As FPGA use becomes more widespread and extends beyond prototyping into full system production and as the number of FPGA vendors increases, manufacturers are drifting away from benchmarking their products against ASICs and have begun directly comparing their devices with those of other FPGA vendors. Unfortunately, this trend means that competitive pressures cause everyone's gate-count claims to expand to the level of the vendor with the most inflated numbers. This article could spend the next few paragraphs dissecting each company's gate-counting scheme. It won't, however, for a few basic reasons.
For one thing, none of the gate-counting schemes are inherently wrong. They all make reasonable estimates of silicon use in a subset of all possible designs. However, in some cases, the subset is so small as to be almost nonexistent. Also, each vendor documents the assumptions behind the calculations it uses in determining a gate-count range and, ultimately, the gate count it specifies for a part number. Data sheets and application notes contain this information, and, because the equations and numbers change with every product generation and response to competitive pressure, any equations this article provides would quickly become outdated. Instead, consider the following observations when comparing FPGA architectures and gate-count specifications.
The first issue in comparing gate counts concerns design efficiency. Some manufacturers optimistically assume that you can use 100% of the available logic in a part. A lower usage percentage is more realistic. The coarser the fundamental building-block logic element, the greater the variety of circuits that you can implement within it. For example, the most efficient thing you can build with a four-input look-up table would probably be a 2-bit32-bit multiplier or comparator. The least efficient circuit, on the other hand, would be a single-input inverter. Efficiency varies across the structures within a design and across multiple designs and rarely comes close to 100%.
Even if your circuits could use all the logic capability within a chip, you might not want to go down that path. The higher the usage, the less likely it is that you can retain pinout and timing through design revisions, regardless of whether your FPGA uses a segmented or a continuous routing architecture or whether the vendor bases that architecture on pass-transistor or antifuse switching. Your design may run out of routing resources long before it uses all the available logic.
FPGAs contain a variety of other on-chip resources that a vendor might choose to include in a gate-count specification. Remember that the vendor decides which set of circuits to benchmark-test against an ASIC. Some companies include only the most commonly used resources: look-up tables, multiplexers, and flip-flops. What about registers and other logic structures in I/O buffers?
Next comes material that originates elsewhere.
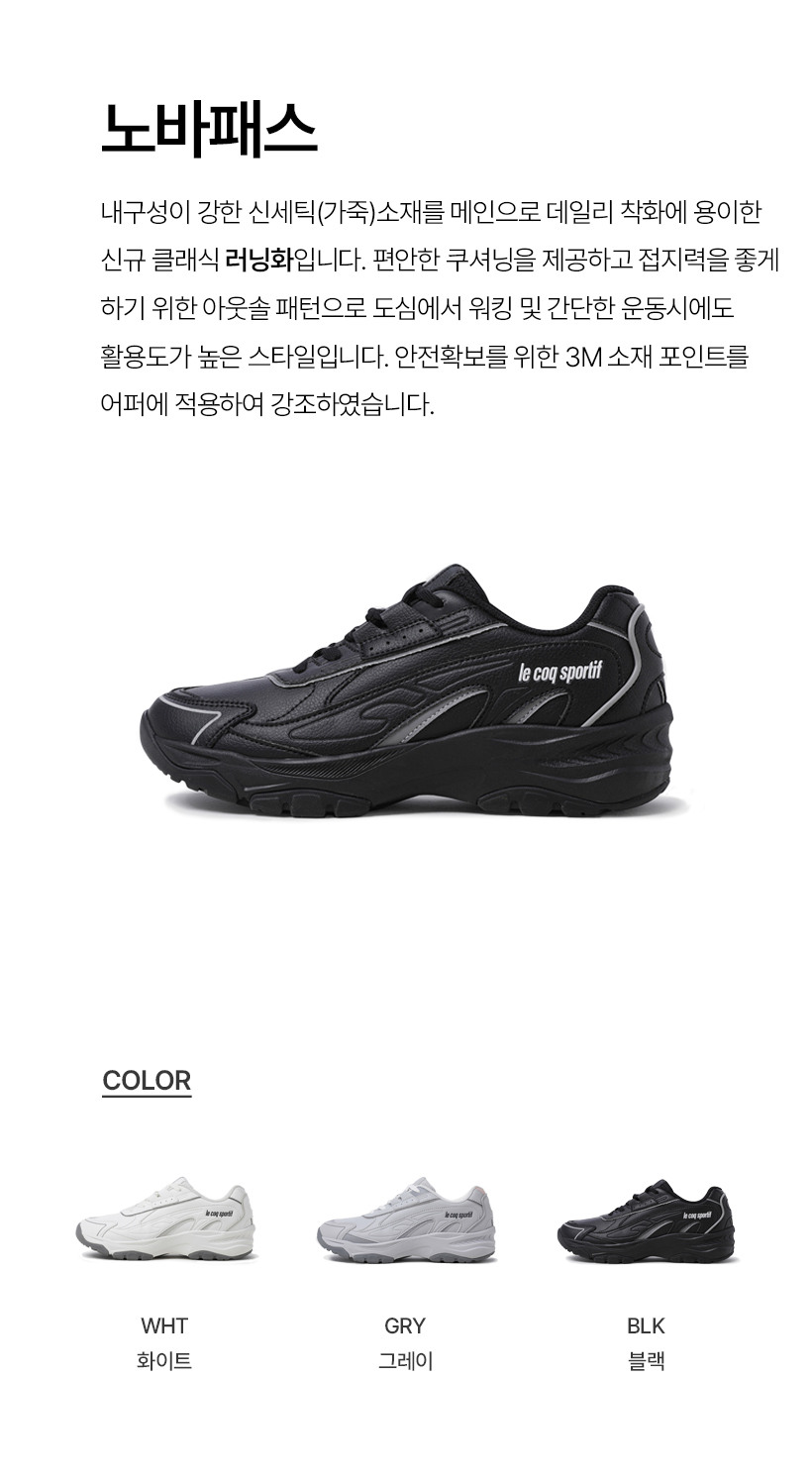 | 소재 | [BLK0]겉감재료:합성가죽(100%)+폴리에스터(100%),[BLK0]안감재료:폴리에스터(100%),[BLK0]창재료:파일론+합성고무,[GRY0]겉감재료:합성가죽(100%)+폴리에스터(100%),[GRY0]안감재료:폴리에스터(100%),[GRY0]창재료:파일론+합성고무,[WHT0]겉감재료:합성가죽(100%)+폴리에스터(100%),[WHT0]안감재료:폴리에스터(100%),[WHT0]창재료:파일론+합성고무 (입고 시기에 따라 정보가 상이할 수 있어, 수령하신 상품의 라벨을 참고하시기 바랍니다.) |

To some companies, these resources exist only to boost I/O performance, not to enable fundamental design creation within the chip, so the vendors omit them from the specified gate counts.
Other manufacturers view I/O logic as crucial to implementing popular circuits, such as 33-MHz and faster PCI cores. Without the fast input setup-and-hold times and clock-to-output delay that I/O registers enable, such circuits would be impossible. These companies also point out that synchronization of signals as they enter or exit a chip is a good design practice, so they include I/O logic. Other vigorously debated resources include embedded AND gates and secondary look-up tables and multiplexers, PLLs, fast carry chains, supplemental fast-decoding resources, internal three-state buffers, boundary-scan and power-up configuration logic, clock drivers, global set/reset circuits, and dedicated CPU interfaces.
No integrated resource provokes more heated debate than embedded memory, because a vendor's assumptions about whether and how a typical customer will use on-chip SRAM has a tremendous impact on claimed device gate count. When comparing FPGAs, you have to consider two competing embedded-memory techniques: using "distributed-memory" architectures and embedding larger discrete SRAM arrays on a die. So-called distributed-memory architectures construct SRAM arrays from the small memory inside each logic block's look-up table. This approach has two fundamental advantages: You use only the memory density you need, and the memory is physically close to the logic, which can be a performance advantage in some designs.
Disadvantages of distributed memory include the fact that its use decreases the available logic resources on the chip. Also, as the memory becomes deeper, the routing needed to interconnect look-up tables incrementally slows performance. The alternative discrete-memory approach offers silicon efficiency and performance advantages over distributed memory but only if your density needs exactly match the available SRAM array sizes. Otherwise, you pay for extra RAM bits that you don't need. Also, although you can use distributed-memory FPGAs for both logic-only and logic-plus-memory designs, discrete-memory FPGAs serve a more limited range of possible applications.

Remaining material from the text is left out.